I find myself torn. I believe absolutely, that we should get
involved; there is no doubt in my mind: of course we should seek to
bring a righteous, peace to the lands of Congo and Rwanda. But
how? By words of reason and a physical but non-combatant presence
– which have failed so far? Or by more active means – is it the
case that violence is now the only language these murderous militias
will hear?
Or does violence beget violence? Can a just, lasting peace ever
be imposed at the end of the barrel of a gun?

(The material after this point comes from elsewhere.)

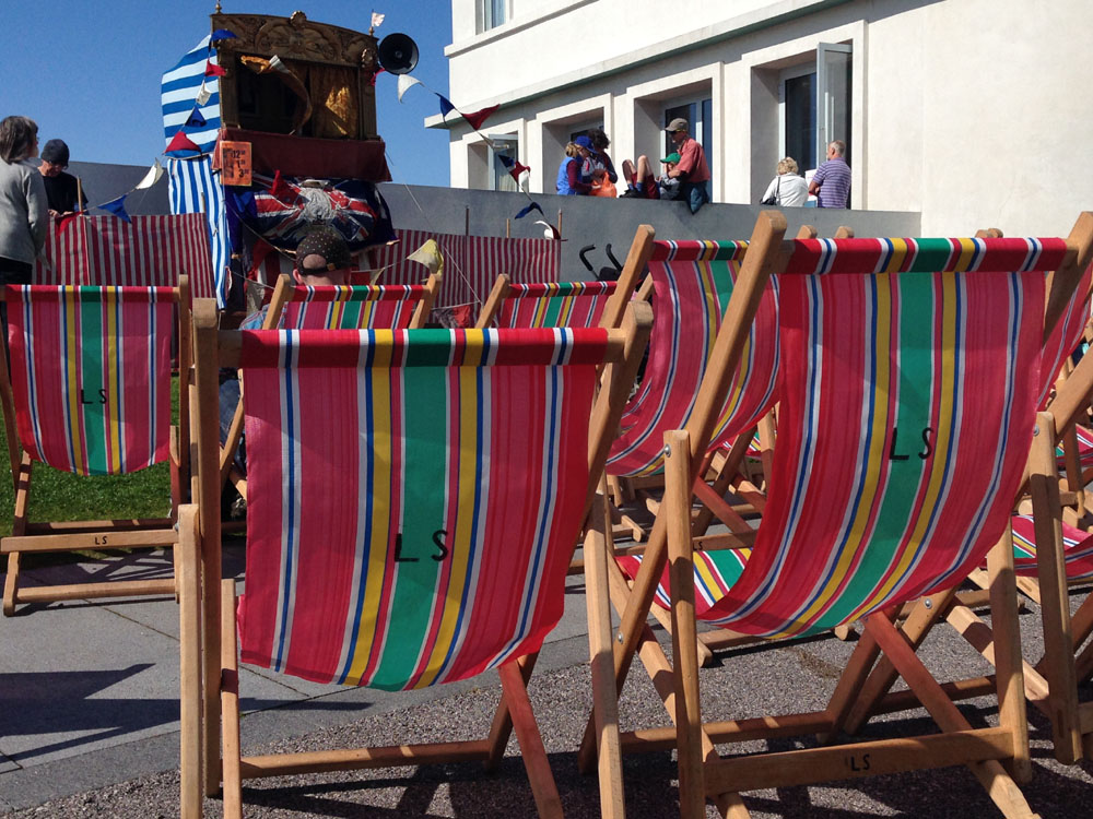 We really enjoyed the festival in the sunshine. The whole of the area surrounding the Midland Hotel and the Promenade was filled with entertainers, street theatre performers, a cockney sing-along, live music, swing dance workshops and a traditional Punch and Judy show. Because we went down on Sunday we missed out on the WW11 RAF flypast on the Saturday, but we had a giggle at the fun dog show – “Pooch Parade”. Basically there was loads going on for all the family, and it was nice to see a lot of the visitors getting into the vintage spirit with their fashion choices too. Some went the whole hog and were decked out in full forties and fifties outfits. I just gave a little nod to the theme with my hairstyle, as did our doggy with her vintage ribbons.

As President Bartlett of the West Wing recognized, every human life has
equal value be they American, or British, or African. We all long
to see every human life treated with respect and dignity. We all
hunger for righteousness; yearn to be peacemakers. We are all
called to seek and fulfill those things.
But was Bartlett’s response, to send in his troops, the right
one? We are here today because we remember the cost of acting as
he chose to act; even so we know that not acting brings a terrible cost
too. How do we achieve the just and peaceful world we desire,
that God’s will calls us to attain? How do we grasp that
priceless gift of wisdom?
I have no final answer but this … as people who hunger and thirst for
righteousness, who seek to make peace in our world, we need to come in
total humility before God – the God who makes us with our capacity for
humanity, who redeems us when we are less than human, who sustains us
as we struggle to maintain our humanity in the midst of life’s
turmoil. And we need our leaders to join us on their knees.
For wisdom is a very rare commodity that far too few possess; and there
is only one place, one being we can turn to, to find it.